Et puis, il y a la surpopulation carcérale dramatique qui, selon le Conseil : « contribue à la survenance des violations graves qui touchent essentiellement les prestations, la santé, l’hygiène, l’alimentation et la sécurité d’un côté et la réhabilitation des détenus d’un autre ». (page 7).

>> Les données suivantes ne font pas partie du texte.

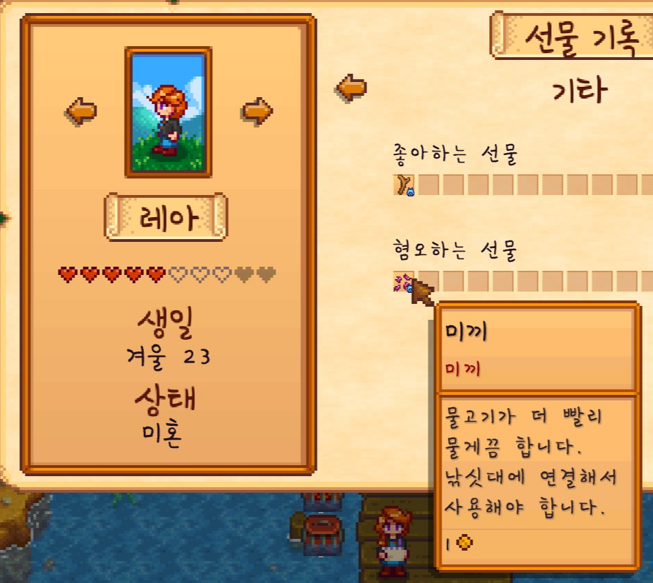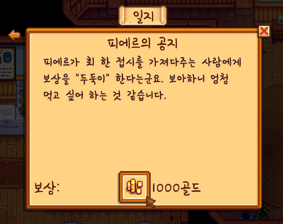 피에르에게 회를 가져다주니 1000골드를 얻을 수 있었는데요. 회 하나 75골드인 것을 생각하면 진짜 두둑하게 챙겨주긴 했네요.

Pour le Conseil les raisons de la surpopulation sont les suivantes : « Le surpeuplement est dû en grande partie à la détention provisoire qui concerne 80% des détenus, au retard enregistré dans le jugement des affaires, à la non-application de la liberté conditionnelle et à l’absence de normes objectives dans la procédure de Grâce ». En langage normal, on peut dire qu’au Maroc la prison est utilisée pour terroriser les pauvres et tous ceux qui dérangent. On peut vous mettre en prison à tout moment et pour tout en n’importe quoi. Si vous avez de la chance, vous bénéficierez d’une peine avec sursis ou un non lieu ou serez reconnu innocents, à moins de bénéficier d’une Grâce Royale, accordée de manière aussi arbitraire que les arrestations. « Chaque année des milliers (!) de personnes incarcérées bénéficient d’un non-lieu, sont acquittées ou condamnées à des peines avec sursis » (page 11). S’ajoute à cela, la non-application de la libération conditionnelle, pourtant prévue par la loi. Ainsi, on ne compte que « deux libérations conditionnelles en 2011 ». (page 4) La libération conditionnelle « est refusée à la majorité des demandes formulées. » Pourtant, parmi ceux qui auraient pu en bénéficier en 2011, se trouvaient « 17939 détenus qui ont purgé les deux-tiers de leur peine, les personnes âgées, les 9228 condamné(e)s à moins de six mois et les personnes atteintes de maladies chroniques » (page 11)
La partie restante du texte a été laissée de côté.